Post Edited (Chip Gracey) : 4/20/2006 3:44:32 PM GMT
It seems to me Propeller also has potential for "supra-computer" explorations. Like...
Cellular Automata: "A regular array of identical finite state automata whose next state is determined solely by their current state and the state of their neighbours." <www.cs.bham.ac.uk/~wbl/thesis.glossary.html>
Neural Network: "An interconnected assembly of simple processing elements, units or nodes, whose functionality is loosely based on the animal brain. The processing ability of the network is stored in the inter-unit connection strengths, or weights, obtained by a process of adaptation to, or learning from, a set of training patterns. Neural nets are used in bioinformatics to map data and make predictions." <www.inproteomics.com/nwglosno.html>
Part of my grad school work was on phase locking and chaos in coupled neurons. I did experiments using coupled oscillators built with programmable unijunction transistors, and using numerical simulation on a PDP7. One propeller could do 8 neurons, and with the pwm output and summed sigma-delta inputs, it could even do the analog weighting functions. Wow, use propeller to build an analog super-computer!
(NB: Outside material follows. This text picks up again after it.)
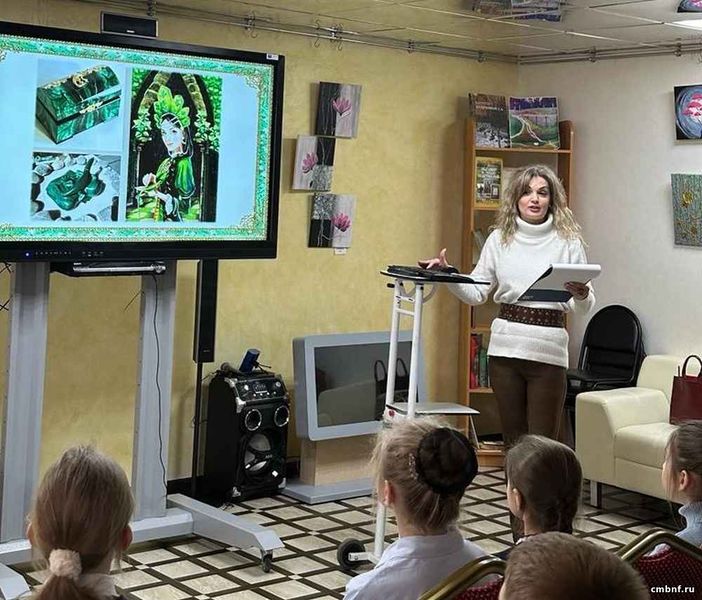 Наталья Петровна читала детям отрывки из различных сказов Бажова. В заключение встречи дети посмотрели мультфильм “Малахитовая шкатулка”, который стал прекрасным завершающим аккордом познавательного и увлекательного мероприятия.

The tough part is generating the 4th spatial dimension.
Electronegativity, your correct. Ok Im not sure what its called, but I was thinking of a 3D cube whose edge processors are connected to the opposite end. Actually it only works for N=3 or greater, here's a single layer for N=3 (1 of 3 layers):
If I understand your question correctly, that would be a hypertorus -- as opposed to a hypertortoise, i.e. a tortoise that's eaten too many Fruit Loops.
"To enumerate, the first thing everyone can do after firing up is to count how long it takes their P29 pin (input) to go high, determine their ID from this time, then make their P28 (output) go high to trigger then next guy. So, the first chip in the system has his P29 pin tied high. Everybody's P28 starts out low, and connects to the next guy's P29. So (as a result of programming), there is a 'high' propagating down the line of chips - into everyone's P29, and out everyone's P28."
I undertand the concept, but the execution seems to not work.
Is it true that when a chip starts, it first looks to download data from the eeprom (P29 and P28 above)?
How do they determine the unique ID at this point? Isn't the Prop, at this particular instant, an empty shell awaiting code from eeprom?
Would it be easier to use two other pins and apply the same concept?
First you program all the propellers identically.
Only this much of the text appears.